Let's fit the model again with just the attitude as explanatory variable.
```{r}
model <- lm(points ~ attitude, data = data)
summary(model)
```
In this model, the coefficient estimates show that attitude predicts the value of points with the effect of 3.5255, which is slightly stronger than in the previous model. Also the standard error of the coefficient is slightly smaller, and the p-value is notably smaller. The results show that attitude is a highly significant predictor of points.
The multiple R-squared gives the proportion of variation in the target variable points that is explained by the regression coefficients, that is, attitude. We can see that attitude alone explains around 19% of the variation in the points variable.
Finally, let's examine diagnostic plots of the model.
```{r}
par(mfrow =c(2,2))
plot(model, which=c(1,2,5))
```
The model is based on four important assumptions: linearity, constant variance, normality of residuals, and that the model's errors are independent. The plots above can be used to examine the validity of the latter three.
1. The constant variance assumption holds that the size of the model's errors should not depend on the explanatory variable. This assumption can be validated by plotting the residuals (model errors) against fitted values. The assumption is validated if the resulting scatterplot is reasonably evenly distributed. Indeed, we can see from the residuals vs. fitted values plot above that this is the case.
2. The normality assumption holds that the model's errors are normally distributed. This assumption can be validated by plotting the residuals against values drawn from the normal distribution. If these values fall roughly along the diagonal line in the Normal Q-Q plot, then the model's errors are approximately normally distributed.

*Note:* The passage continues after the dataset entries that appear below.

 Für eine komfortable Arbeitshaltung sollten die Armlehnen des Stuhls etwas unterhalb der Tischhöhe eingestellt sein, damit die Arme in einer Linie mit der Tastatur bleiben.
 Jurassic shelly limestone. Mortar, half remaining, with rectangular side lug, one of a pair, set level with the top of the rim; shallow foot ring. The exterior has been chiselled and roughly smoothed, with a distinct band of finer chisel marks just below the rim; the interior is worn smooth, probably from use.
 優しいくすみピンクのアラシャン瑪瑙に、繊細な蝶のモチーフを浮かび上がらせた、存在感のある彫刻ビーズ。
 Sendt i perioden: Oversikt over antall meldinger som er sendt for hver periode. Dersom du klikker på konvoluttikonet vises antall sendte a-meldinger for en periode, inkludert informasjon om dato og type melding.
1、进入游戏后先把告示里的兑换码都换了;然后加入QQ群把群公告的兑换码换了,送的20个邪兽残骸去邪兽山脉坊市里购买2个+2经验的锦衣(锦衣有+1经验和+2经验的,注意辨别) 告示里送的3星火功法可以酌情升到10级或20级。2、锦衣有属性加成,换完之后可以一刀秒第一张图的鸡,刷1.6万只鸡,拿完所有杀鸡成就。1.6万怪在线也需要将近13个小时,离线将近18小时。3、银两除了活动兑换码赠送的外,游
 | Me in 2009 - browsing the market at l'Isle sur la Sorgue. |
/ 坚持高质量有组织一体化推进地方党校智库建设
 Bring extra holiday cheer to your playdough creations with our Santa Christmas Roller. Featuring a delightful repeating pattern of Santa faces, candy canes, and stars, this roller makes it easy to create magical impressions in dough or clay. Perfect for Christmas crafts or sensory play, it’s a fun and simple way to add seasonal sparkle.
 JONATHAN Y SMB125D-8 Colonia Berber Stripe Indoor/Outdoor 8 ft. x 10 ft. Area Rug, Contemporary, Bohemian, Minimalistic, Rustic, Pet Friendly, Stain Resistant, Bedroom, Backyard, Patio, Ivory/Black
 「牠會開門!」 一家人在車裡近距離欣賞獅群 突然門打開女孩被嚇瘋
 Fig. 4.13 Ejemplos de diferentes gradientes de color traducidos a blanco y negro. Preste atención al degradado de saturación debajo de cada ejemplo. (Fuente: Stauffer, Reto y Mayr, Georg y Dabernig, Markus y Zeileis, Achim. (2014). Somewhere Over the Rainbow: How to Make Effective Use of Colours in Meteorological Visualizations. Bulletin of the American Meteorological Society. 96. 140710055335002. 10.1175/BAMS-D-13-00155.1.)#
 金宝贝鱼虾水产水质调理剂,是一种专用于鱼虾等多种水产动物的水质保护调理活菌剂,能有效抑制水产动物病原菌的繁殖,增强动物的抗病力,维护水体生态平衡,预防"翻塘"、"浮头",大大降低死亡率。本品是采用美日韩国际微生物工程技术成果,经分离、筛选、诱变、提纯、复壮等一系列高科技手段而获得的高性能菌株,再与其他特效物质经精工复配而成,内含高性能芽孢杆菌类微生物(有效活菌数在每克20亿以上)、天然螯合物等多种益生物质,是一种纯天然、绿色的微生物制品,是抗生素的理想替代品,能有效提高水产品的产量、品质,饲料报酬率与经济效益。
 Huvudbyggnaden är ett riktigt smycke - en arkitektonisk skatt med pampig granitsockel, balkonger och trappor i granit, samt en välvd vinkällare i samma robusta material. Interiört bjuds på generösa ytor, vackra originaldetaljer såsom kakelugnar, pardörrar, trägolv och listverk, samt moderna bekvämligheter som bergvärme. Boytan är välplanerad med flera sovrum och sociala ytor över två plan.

3. The residuals vs. leverage plot helps assess whether there are some observations that have a large influence on the estimation of the model's parameters. If there are some observations that have high leverage, then excluding them from the analysis has a large influence on the model. In the plot, if some points fall within areas delimited by the red dashed line (Cook's distance), then they correspond to influential observations. It seems that in this model there are no highly influential residuals.
Together from these plots we can see that the model's assumptions seem to be valid.